Sur son deuxième album, Billy Nomates danse sur les cendres du Brexit.

© Invada Records

Encensée par Iggy Pop, révélée via un banger avec Sleaford Mods, Billy Nomates agite sa coupe mulet pour mieux secouer le cocotier du rock indé. Signé sur le label de Geoff Barrow (Portishead, Beak>), son deuxième album s’écoute comme un manuel de survie en territoire capitaliste. Énergiques, intenables, les chansons du nouveau "Cacti" ne manquent certainement pas de piquant.

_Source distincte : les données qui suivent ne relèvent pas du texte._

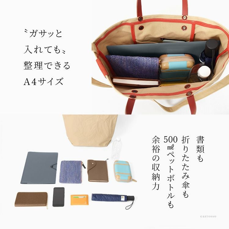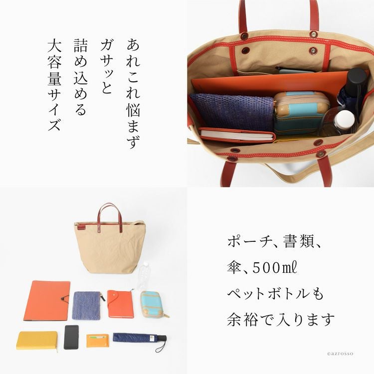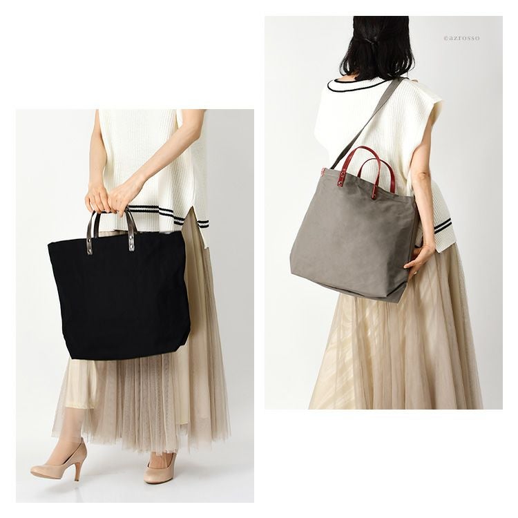 大容量サイズなのにリンゴ1.5個より軽いキャンバスバッグ。丈夫で柔軟性のある9号帆布に高級感漂う本革をプラス。日本製ブランドLILY(リリー)のショルダー付き2wayトート「ファシル」 日本製 キャンバス トートバッグ 2way ショルダー A4 大容量 9号帆布 軽量 レザーハンドル 無地 ファシル レディース

Interview de Billy Nomates, un jour de grève nationale en Angleterre. Dans les hôpitaux, les bureaux de douane, à la poste ou sur le rail, le ras-le-bol est total. "Notre pays est dirigé par des conservateurs", s’enflamme la chanteuse. "Leurs positions ultra libérales ont des conséquences dévastatrices. Les loyers ne cessent de grimper, comme les prix de l’énergie et des biens courants. Cette inflation touche des professions qui, depuis des décennies, ne connaissent aucune revalorisation salariale. Vivre en Angleterre en 2023, c’est dur. Il y a des banques alimentaires à tous les coins de rue. Avant, ces lieux étaient fréquentés par des sans-abris. Désormais, dans la file, il y a des personnes qui travaillent, mais qui ne parviennent plus à joindre les deux bouts…" Aussi consternée que concernée par la situation, Billy Nomates marque un temps d’arrêt, puis reprend sa réflexion. "Je suis incapable de me soustraire à cette réalité. La vérité, c’est que je m’efforce d’éviter les messages politiques dans ma musique. Mais j’échoue en permanence..." Sans surprise, le nouveau "Cacti" est un album engagé, mais aussi une belle leçon de résilience. "Dans ce disque, j’évoque nos facultés d’adaptation. Que ce soit face à la crise sanitaire ou au système capitaliste, nous sommes des survivants. À titre personnel, j’ai aussi dû surmonter de multiples barrières pour, enfin, donner un sens à ma carrière. Tout cela se ressent dans les sujets abordés sur l’album."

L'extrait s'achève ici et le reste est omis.